L’esperienza vissuta in questi particolari luoghi lo spinse a scrivere il libro, Tra i primitivi delle Mentawai.
Ma la missione di padre Cannizzaro non si è interrotta perché, come egli stesso scrive: «Feci il girovago di Dio tra seminari, scuole pubbliche e private, fabbriche, case per anziani, carceri, ospedali». Nel 1967, a causa di una grave malattia contratta dalla madre, chiese ed ottenne di ritornare a Reggio e dopo due anni vissuti in famiglia approdò nel santuario di Gallico e vi rimase per 25 anni. Qui intraprese un altro tipo di attività missionaria che trovò subito dopo uno sbocco con la realizzazione del «Parco della mondialità», un’opera, come egli stesso asserì, dove «convengono tutti i tipi di raggruppamenti ecclesiastici e ne ripartono con aumentato senso missionario».
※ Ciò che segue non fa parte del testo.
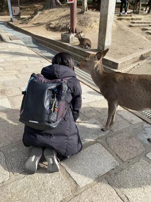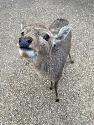 みなさん、「神の使い」シカさんと戯れていました🦌

Un’opera composta da una casa, da un santuario e un grande parco ricavato sfruttando un argine demaniale ed i materiali di una fiumara. Per padre Cannizzaro, il «Parco della Mondialità significa uscire dal chiuso dell’Io per ritrovarsi con Dio, amore per tutti gli uomini, per tutti i viventi, per tutte le cose». Le costruzioni assumono l’architettura della pagoda o della moschea, della muraglia cinese, del tucul o del totem indiano. Le cappelle rappresentano il Presepe dei Popoli, la Via Crucis, l’Orto degli Ulivi, i gruppi monumentali del Calvario, dell’Ascensione e della Pentecoste.
Padre Aurelio aveva anticipato in fondo quello che papa Francesco scriverà nella Fratelli tutti: La fraternità ha qualcosa di positivo da offrire alla libertà e all’uguaglianza. Che cosa accade senza la fraternità consapevolmente coltivata, senza una volontà politica di fraternità, tradotta in un’educazione alla fraternità, al dialogo, alla scoperta della reciprocità e del mutuo arricchimento come valori?
Questo grande valore ci ha lascito Padre Aurelio, che era stato mandato a Gallico provvisoriamente, vi rimase fino a quando un tumore ne stroncava la forte fibra missionaria. All’alba del 26 marzo 1992, assistito da p. Franco Saraceno, oggi Rettore del Santuario, a cui do la parola. Seguirà il saluto del Presidente dell’Associazione Fortunato Scopelliti e del Vicario Zonale don Maurizio Demetrio.
Porteranno la loro testimonianza, per aver conosciuto personalmente p. Aurelio, Pietro Furfari, Angela Martino, Enzo Siclari e Oreste Arconte.
Dopo il Rosario e la Celebrazione Eucaristica sarà proiettato un video sul Parco della Mondialità.